Les emballages qui se retrouvent dans la bonne filière via les bacs bruns, c’est-à-dire la filière industrielle du compostage et de la biométhanisation, sont parfois redirigés vers l’enfouissement. «Des revêtements (couches barrières, enduits, vernis) ou d’autres composants d’emballage (étiquettes, bouchons ou autres dispositifs d’ouverture) peuvent compromettre leur décomposition biologique et affecter la qualité du compost.»
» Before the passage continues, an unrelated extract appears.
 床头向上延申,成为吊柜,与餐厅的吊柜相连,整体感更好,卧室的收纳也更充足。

Ceux qui se retrouvent en centre de tri, via les bacs bleus, sont «triés, retirés et envoyés à l’enfouissement» comme un déchet. Les emballages de plastique dits biodégradables et compostables ne sont généralement pas recyclables. Enfin, «le compactage dans les sites d’enfouissement les prive des conditions idéales à la dégradation», note le rapport.
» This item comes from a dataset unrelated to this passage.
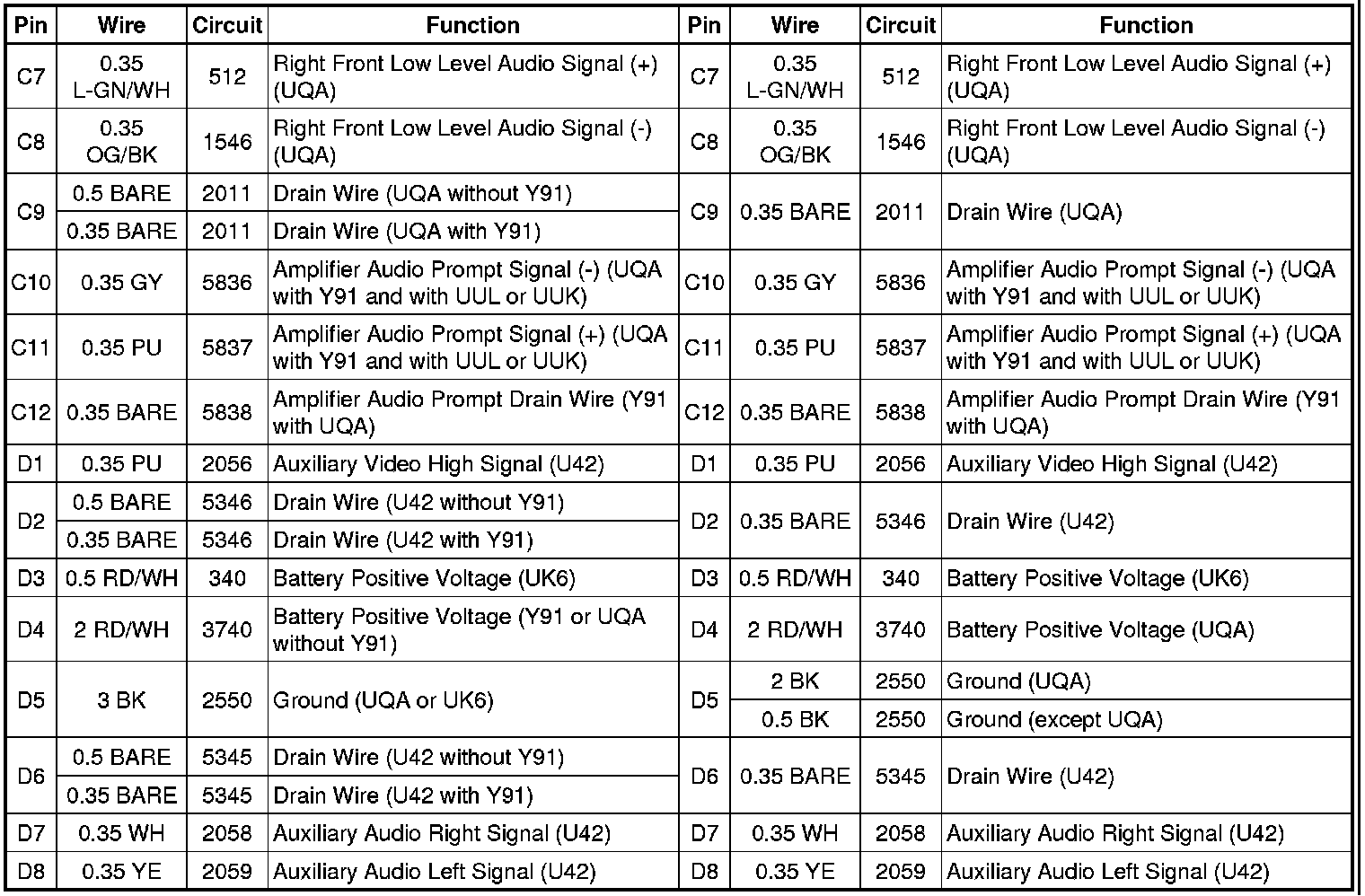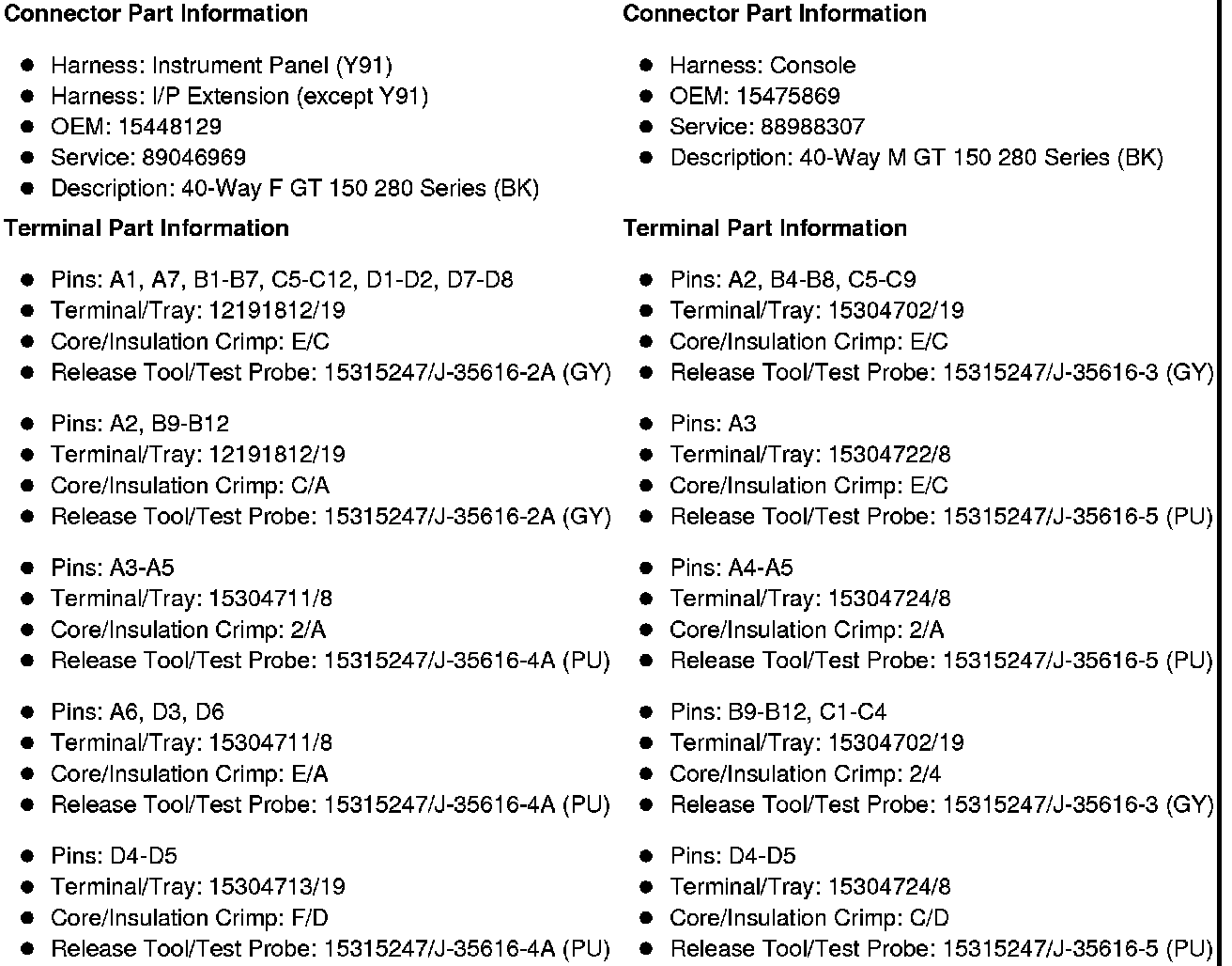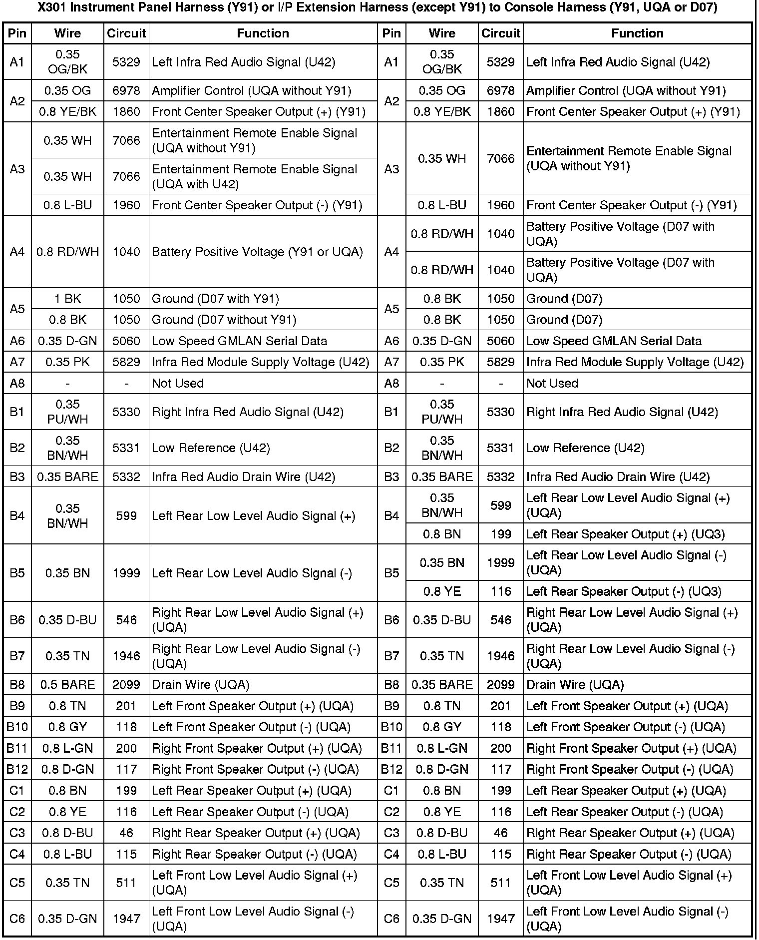 X301 Instrument Panel Harness (Y91) or I/P Extension Harness (except Y91) to Console Harness (Y91, UQA or D07)

La pandémie freine-t-elle la transition écologique ?
La ville de Montréal avait démontré, en avril 2019, sa volonté d’adopter au printemps 2020 un règlement interdisant le plastique à usage unique. À l’heure actuelle, «le projet est toujours en cours d’élaboration», expliquent les services de la mairie de la ville de Montréal.
Toutefois, une avancée claire a été réalisée dans l’adoption du Plan directeur de gestion des matières résiduelles 2020-2025. Désormais , le règlement modifié (16-051) «cible l’interdiction de tous les sacs d’emplettes en plastique, quelle que soit leur épaisseur, et ce dans les commerces de détail et les restaurants». Le règlement initial ne prévoyait qu’une réduction de ces sacs d’emplettes.
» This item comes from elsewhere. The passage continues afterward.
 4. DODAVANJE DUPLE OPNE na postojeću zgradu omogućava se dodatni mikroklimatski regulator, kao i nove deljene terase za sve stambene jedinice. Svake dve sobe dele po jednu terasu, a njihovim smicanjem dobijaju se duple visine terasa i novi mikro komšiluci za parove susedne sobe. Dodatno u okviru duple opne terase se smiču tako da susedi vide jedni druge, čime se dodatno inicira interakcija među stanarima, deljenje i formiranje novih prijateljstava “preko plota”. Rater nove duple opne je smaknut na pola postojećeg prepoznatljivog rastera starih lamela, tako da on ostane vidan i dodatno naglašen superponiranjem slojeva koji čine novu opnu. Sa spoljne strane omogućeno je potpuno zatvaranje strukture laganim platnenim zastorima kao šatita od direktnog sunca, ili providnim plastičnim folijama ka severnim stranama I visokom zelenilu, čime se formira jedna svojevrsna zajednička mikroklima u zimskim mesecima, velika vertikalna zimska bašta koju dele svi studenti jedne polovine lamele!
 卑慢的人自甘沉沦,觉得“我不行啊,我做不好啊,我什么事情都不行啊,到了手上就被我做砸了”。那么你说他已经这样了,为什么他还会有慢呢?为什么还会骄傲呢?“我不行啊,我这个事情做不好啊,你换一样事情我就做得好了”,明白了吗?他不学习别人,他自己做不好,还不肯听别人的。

«52 % des personnes interrogées conviennent que toute nouvelle réglementation devrait attendre que la situation liée à la COVID-19 soit résolue.» – Étude sur les emballages alimentaires en plastique: pendant la COVID-19
Du côté fédéral, la pandémie n’a pas semblé effrayer le gouvernement du Canada en ce qui a trait à la transition écologique. En octobre dernier, le ministre de l’Environnement et du Changement climatique, Jonathan Wilkinson, avait annoncé un objectif de zéro déchet de plastique d’ici 2030, au Canada.
Le gouvernement de Justin Trudeau s’est aussi engagé à interdire les plastiques à usage unique qui nuisent à l’environnement dès la fin de l’année 2021 et les travaux sont toujours en cours. «Nous continuons à faire avancer nos travaux réglementaires vers notre objectif d’interdire les plastiques nocifs à usage unique d’ici 2021», précise le ministère de l’Environnement. Des produits comme les sacs en plastique, les pailles, les bâtonnets à mélanger, les porte-canettes, les ustensiles et les contenants pour emporter difficiles à recycler sont ciblés.